Two large Infrastructure Ontario (IO) hospital projects have only one bidder each as they proceed through the Request for Proposals stage, but that apparent lack of competitive bidding should not be cause for alarm, IO’s CEO says.

IO announced Oct. 4 that EllisDon emerged from the RFQ process for the $500-million-plus Trillium Health Partners Queensway health centre job in Toronto and was invited to submit a proposal.

Four days earlier, IO announced that the RFP stage had closed for the $2-billion Trillium Mississauga long-term redevelopment project and that the team of EllisDon + PCL Health Care Partners had submitted the only proposal.

IO president and CEO Michael Lindsay said in an interview the procurements are taking place amidst “once-in-a-generation” market challenges that include volatile construction costs, and that the two projects are extraordinarily complex.

“I think we’re still seeing good competition,” said Lindsay. “I think what you’re seeing in these two projects, especially in respect of Mississauga site, is just the sheer size and complexity.

“We had really robust discussions…At the end, one joint venture, with two of Canada’s largest construction firms, decided to bid it together.”

Addressing the huge Trillium Mississauga project, which involves a major precinct redevelopment and construction of a new hospital, Lindsay said IO adopted a new progressive-P3 approach for the build that included extensive consultations and will lead to a development phase agreement and a design-build-finance-maintain project agreement.

Lindsay said the progressive approach allows IO to define the project, advance it to close to 100 per cent of construction with drawing readiness, and then retain options as the contracting authority to assess the price it’s given by the counterparty for value for money.

The longer period of interacting with a counterparty and progressively designing and defining the asset results in a de-risking of the project that benefits the project owners, Lindsay explained.

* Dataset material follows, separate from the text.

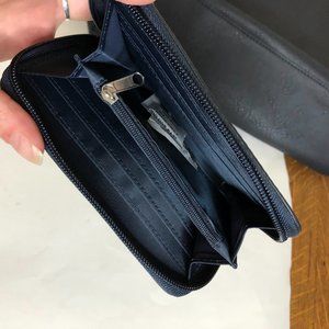 NWOT! Navy Blue & Brown Faux Leather Tote Bag w/ Matching Wallet

Over the next few months, IO and Trillium will evaluate the RFP submission and, if satisfied, enter into a development phase agreement. With a multitude of costing and other safeguards on the Trillium Mississauga project, Lindsay said, there is no disappointment that only the EllisDon/PCL team was left standing.

“I am deeply confident that thanks to the things that we’ve done to adopt a more aggressive form of project definition, we will be able to ensure that value for money is present when it comes time to ultimately lock in the price,” said Lindsay. “I’m hoping that taxpayers have confidence that that animates everything that we do.”

Over the next phase, IO said it will be adding more collaborative topic meetings on pricing, schedule and specification co-ordination and will have independent cost benchmarking to assess the competitiveness of the submission and ensure overall value for money.

Lindsay said it is not necessarily the case that in future, projects using progressive P3 will always end up with fewer bidders.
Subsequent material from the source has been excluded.